Ultrasonic nondestructive testing has strong adaptability in composite material inspection, being especially suitable for CFRP [
4,
6,
7,
8]. Ultrasonic phased array testing technology has high detection resolution, high detection accuracy, and high sensitivity and is suitable for detecting various types of damage in carbon fiber composites with high attenuation and complex shapes [
7,
10,
11,
12,
16,
17]. Ultrasonic testing can be used for intelligent and automated testing to improve the efficiency, precision and reliability of testing. The following delineates the recent advancements in ultrasonic phased array testing.
Prabhakara P. et al. [
18] developed a new phased array based ultrasonic drilling probe for inspecting cracks and delamination in internal concrete structures, using the computational focusing law to direct the acoustic beam to specific angles and distances, and validated the newly designed probe with CIVA software to demonstrate the feasibility of the experiment. Piao G. et al. [
19] employed a phased array ultrasonic inspection method to identify the adhesive interface between composites. They proposed a classification framework based on damage indices derived from machine learning algorithms to categorize samples exhibiting three distinct adhesion conditions. Hampson R. et al. [
20] proposed a hybrid simulation model of a phased array ultrasonic transducer for pressure pipeline inspection and verified the effectiveness of the model in detecting different damage types at different frequencies and numbers of array elements through a simulation model. Zhang H. et al. [
16] proposed a combination of phased array ultrasonic testing and deep learning to detect and localize wrinkles in laminated composites and developed a convolutional neural network model to identify them at different depths by short-term Fourier transform of waveforms, which simplified the cumbersome analysis of low signal-to-noise ratios, non-resonance matches, and near-field effects that are often encountered in the ultrasonic inspection of composites.
Dupont-Marillia F. et al. [
21] studied the application of ultrasonic phased arrays for the detection of forged steel block damage, using CIVA simulation to optimize the number of array elements of the phased array probe, the width of the array elements, as well as the ultrasonic transmission sequence and constructed a transducer based on the simulation results by experimentally showing that the defects of the reflective amplitude, the signal-to-noise ratio, and the resolution of the defects are the best. Zhao X. et al. [
22] proposed an acoustic field computational model, adding directivity constraints for each array element to simulate the steering acoustic field under different directivity constraints, and the results showed that the directivity of each array element has a significant effect on the overall steering of the acoustic beam, which provides a more accurate support for the application design of phased array sensors. Puel B. et al. [
23] proposed an optimization method based on evolutionary algorithms and numerical simulation for setting parameters for phased array design and optimization as well as verified the effectiveness through simulation. The array design and its delay law can effectively optimize the sound field using this method. McKee J. G. et al. [
24] developed a two-dimensional phased array for experimental artificial defect imaging experiments, and the scanned multi-position images were combined to obtain whole-surface damage images. The results showed that for ultrasonically extracted surfaces, there was less error in the defect data from the real surface in order to improve the reliability of the ultrasonic testing of austenitic welds.
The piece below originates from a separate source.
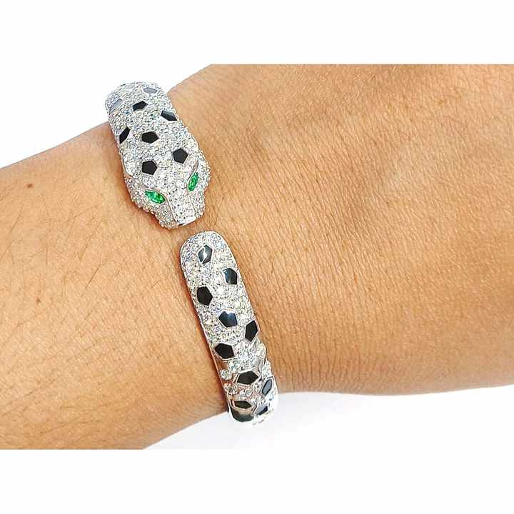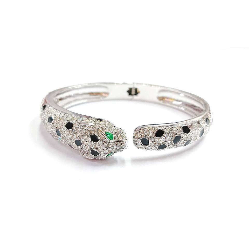 กำไลข้อมือเสือดำทองคำขาว14K กำไลข้อมือรูปสัตว์หรูหราทำด้วยมือจากมรกตและเพชร

However, the internal defects in CFRPs are diverse, ranging from manufacturing defects, such as delamination and inclusions [
2,
7,
25], to defects that arise during service, such as impact damage [
5,
8,
13,
15]. Although ultrasonic phased array technology can detect defects more accurately, it struggles to recognize the internal defects in CFRP for multiple types and on different scales after the defects are detected. Therefore, it is necessary to classify and recognize multiple types of internal CFRP defects on the basis of ultrasonic phased array testing.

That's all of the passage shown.